**Required action**
The expected result is the material below, reproduced exactly from its first line through the line containing "ΜΕΛΕΤΗΤΗΣ: ΓΚΟΥΤΣΗ ΔΗΜΗΤΡΑ-ΦΑΒΙΟΛΑ".

**Record extracts**
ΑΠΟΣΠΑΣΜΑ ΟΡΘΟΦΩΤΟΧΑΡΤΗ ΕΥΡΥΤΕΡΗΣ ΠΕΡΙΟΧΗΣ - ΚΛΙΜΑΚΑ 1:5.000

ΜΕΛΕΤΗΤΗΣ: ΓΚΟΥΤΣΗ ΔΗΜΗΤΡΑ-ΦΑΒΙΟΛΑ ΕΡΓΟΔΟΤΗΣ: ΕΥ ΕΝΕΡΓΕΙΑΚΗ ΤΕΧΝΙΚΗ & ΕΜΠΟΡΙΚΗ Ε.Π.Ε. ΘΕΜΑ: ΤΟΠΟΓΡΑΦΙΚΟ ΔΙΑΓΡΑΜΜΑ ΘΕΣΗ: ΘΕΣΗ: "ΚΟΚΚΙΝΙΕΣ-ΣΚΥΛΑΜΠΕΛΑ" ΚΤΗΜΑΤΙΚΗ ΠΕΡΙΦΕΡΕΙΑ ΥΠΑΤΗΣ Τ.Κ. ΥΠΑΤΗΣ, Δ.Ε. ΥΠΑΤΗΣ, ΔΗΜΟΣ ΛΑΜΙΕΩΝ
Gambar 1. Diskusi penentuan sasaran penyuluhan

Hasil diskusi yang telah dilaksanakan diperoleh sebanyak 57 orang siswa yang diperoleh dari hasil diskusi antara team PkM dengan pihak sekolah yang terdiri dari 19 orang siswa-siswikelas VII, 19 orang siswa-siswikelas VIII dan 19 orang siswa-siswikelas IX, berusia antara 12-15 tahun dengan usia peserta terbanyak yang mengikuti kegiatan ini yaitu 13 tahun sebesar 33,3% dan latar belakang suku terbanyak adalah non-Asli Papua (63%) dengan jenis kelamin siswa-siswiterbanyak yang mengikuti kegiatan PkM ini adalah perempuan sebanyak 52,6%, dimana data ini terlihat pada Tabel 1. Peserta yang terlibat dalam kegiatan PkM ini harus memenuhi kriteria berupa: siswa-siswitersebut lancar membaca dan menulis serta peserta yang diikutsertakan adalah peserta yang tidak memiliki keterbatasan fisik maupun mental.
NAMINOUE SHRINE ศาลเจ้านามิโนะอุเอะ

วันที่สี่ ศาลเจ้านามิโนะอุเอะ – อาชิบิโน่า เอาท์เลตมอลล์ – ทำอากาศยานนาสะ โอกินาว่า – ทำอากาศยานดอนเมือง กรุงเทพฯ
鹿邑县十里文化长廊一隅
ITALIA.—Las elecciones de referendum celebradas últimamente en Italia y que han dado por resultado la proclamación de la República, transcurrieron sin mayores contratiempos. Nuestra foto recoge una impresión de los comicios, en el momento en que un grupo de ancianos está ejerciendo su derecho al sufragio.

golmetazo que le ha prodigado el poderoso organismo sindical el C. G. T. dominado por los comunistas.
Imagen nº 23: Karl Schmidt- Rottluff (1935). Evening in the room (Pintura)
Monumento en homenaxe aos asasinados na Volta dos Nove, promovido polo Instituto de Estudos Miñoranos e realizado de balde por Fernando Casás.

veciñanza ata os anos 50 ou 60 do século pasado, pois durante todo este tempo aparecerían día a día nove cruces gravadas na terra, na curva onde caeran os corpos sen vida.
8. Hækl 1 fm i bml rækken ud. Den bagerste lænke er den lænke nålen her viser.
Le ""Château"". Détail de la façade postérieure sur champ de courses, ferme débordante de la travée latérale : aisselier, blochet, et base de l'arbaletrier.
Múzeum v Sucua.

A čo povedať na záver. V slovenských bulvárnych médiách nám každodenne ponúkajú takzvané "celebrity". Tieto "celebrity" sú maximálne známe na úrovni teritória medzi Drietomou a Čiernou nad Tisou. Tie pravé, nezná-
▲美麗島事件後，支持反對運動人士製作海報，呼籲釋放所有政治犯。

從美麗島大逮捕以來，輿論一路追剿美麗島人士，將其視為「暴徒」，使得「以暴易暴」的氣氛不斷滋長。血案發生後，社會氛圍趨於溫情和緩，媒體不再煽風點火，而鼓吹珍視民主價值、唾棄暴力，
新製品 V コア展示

**Completed task**
ΑΠΟΣΠΑΣΜΑ ΟΡΘΟΦΩΤΟΧΑΡΤΗ ΕΥΡΥΤΕΡΗΣ ΠΕΡΙΟΧΗΣ - ΚΛΙΜΑΚΑ 1:5.000

ΜΕΛΕΤΗΤΗΣ: ΓΚΟΥΤΣΗ ΔΗΜΗΤΡΑ-ΦΑΒΙΟΛΑ ΕΡΓΟΔΟΤΗΣ: ΕΥ ΕΝΕΡΓΕΙΑΚΗ ΤΕΧΝΙΚΗ & ΕΜΠΟΡΙΚΗ Ε.Π.Ε. ΘΕΜΑ: ΤΟΠΟΓΡΑΦΙΚΟ ΔΙΑΓΡΑΜΜΑ ΘΕΣΗ: ΘΕΣΗ: "ΚΟΚΚΙΝΙΕΣ-ΣΚΥΛΑΜΠΕΛΑ" ΚΤΗΜΑΤΙΚΗ ΠΕΡΙΦΕΡΕΙΑ ΥΠΑΤΗΣ Τ.Κ. ΥΠΑΤΗΣ, Δ.Ε. ΥΠΑΤΗΣ, ΔΗΜΟΣ ΛΑΜΙΕΩΝ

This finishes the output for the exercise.